Податной инспектор тоже смекнул:

- Подмогнем, Фома Кузьмич, не сдавай!.. - и, ворвавшись в круг, начал лихо отбивать чечетку,

- Ах, та-ак?! - угрожающе донеслось из рядов, где стояли заречные.

Двое парней и один бородатый мужик живо скинули с себя пиджаки, швырнули их вместе с картузами под ноги и тоже ринулись в круг.

Нет, не переплясать было горожанам заречных, у которых и присвист зычнее и пляска замысловатее. Словно вихри несли их по кругу, и притопывали они так, что наблюдавшие за пляской городские гости невольно пятились, опасаясь, как бы не наступили им на ноги. Поджимались к крыльцу конторы и поднимались на него. А заречные все больше теснили их, расширяя круг, и кто-то озорно, вызывающе выкрикнул:

- Вот-т она, выходи-и!..

Прошла еще минута, другая, и в кругу не осталось никого из городских плясунов.

- Наша взяла... наша!.. - смеялись заречные.

- Что значит - ваша? - стоя на крыльце, строго спросил пристав.

- А то и значит, что... наши-то подюжее.

- Кто это здесь рассуждает? - повысил пристав голос. - Вы где находитесь? У кого?.. Живо за воротами будете... Кто это сейчас говорил? А ну, подойди ко мне...

Заречные отхлынули от конторы, подаваясь в темную глубину двора.

- Скоты!.. - заключил пристав.

- А зачем же, вашскородь, лаяться? Кажись, ничего худого не сделали.

- Что?..

Пристав шагнул с крыльца в темноту двора, но тут же остановился. Факелы догорели или их умышленно погасили. Только отсветы, падающие из окон конторы, слабо освещают двор на какой-нибудь десяток шагов, а дальше черной стеной стоит ночь.

- Хамье, - буркнул пристав и снова поднялся на крыльцо. - Сидоров! - крикнул городовому. - Выгоняй этот сброд. И - по загривку каждому на прощание.

Соловьиной трелью прокатился над заводским двором свисток городового.

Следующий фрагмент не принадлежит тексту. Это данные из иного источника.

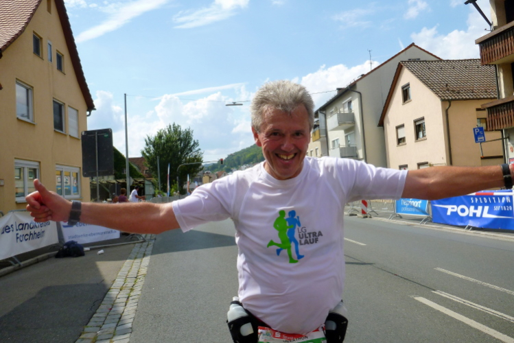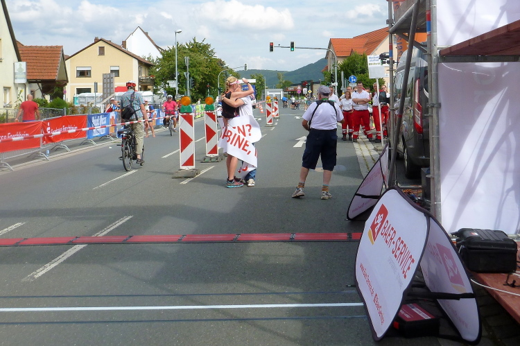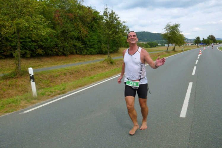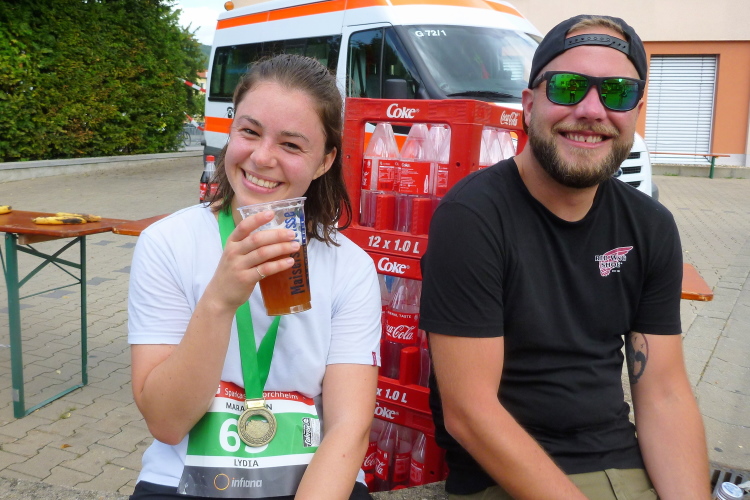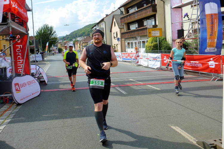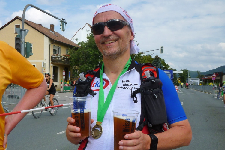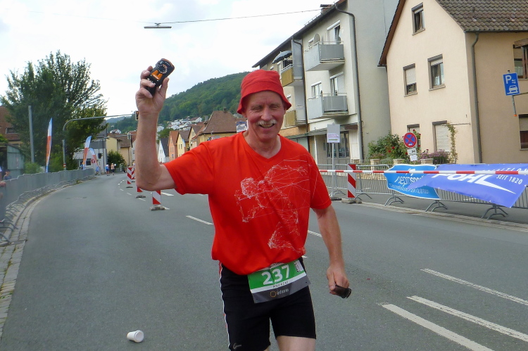 Es geht nach Ebermannstadt hinein, der letzte Kilometer, nochmals kurz marschieren und dann reiße ich mich am Riemen und trabe an. Die Leute applaudieren freudig und nach gut 4.43 Stunden laufe ich unter dem Zielbanner hindurch. Michael klatscht mich ab und schickt den durstigen Autor gleich zum Tränke, wo es das alkfreie Weißbier aus Bayreuth gibt.

- Зачем гнать, мы и сами уйдем... Спасибо на угощении... Эй, наши, айда!.. - сзывал гармонист Федька Загляд своих ребят.

Он развернул гармонь и хотел с "расписными челнами" выплыть за ворота завода.

- Прекратить безобразие! - гаркнул пристав.

Ярко освещенные окна конторы оставались позади. Городовые бесцеремонно выпроваживали со двора полупочтенных и совсем непочтенных гостей, всю простонародную мелкоту. В конторе заиграла музыка, открывая бал в будущем складе готовых надмогильных изделий. Городские дамы и кавалеры закружились в танцах, а люди постарше, постепеннее, снова уселись за стол.

В ожидании разъезда гостей за воротами длинной вереницей стояли извозчики.

- Пируют господа хорошие.

- Кому голодовать, а кому пировать.

- Сколько объедков, поди, зря пропадет. Хоть бы мосолик какой поглодать...

- Не пропадут. Найдутся охотники, соберут...

Навалив себе на тарелку голову жареного поросенка, купец Филимонов отхлебнул из бокала мадерцы и расстегнул на жилетке пуговку.

- Вот я, значит, тебе расскажу...

Но ничего не успел Филимонов рассказать своему соседу, кассиру из казначейства: сильный удар в окно, сопровождаемый звоном разбитого стекла, заглушил его голос. Влетевший в окно осколок кирпича плюхнулся на стол в блюдо с заливным судаком.

Глава шестая
ГОСУДАРСТВЕННЫЙ ПРЕСТУПНИК

- Так-с, Агутин... Понравилась, значит, тебе кутузка? Опять с тобой повстречались?..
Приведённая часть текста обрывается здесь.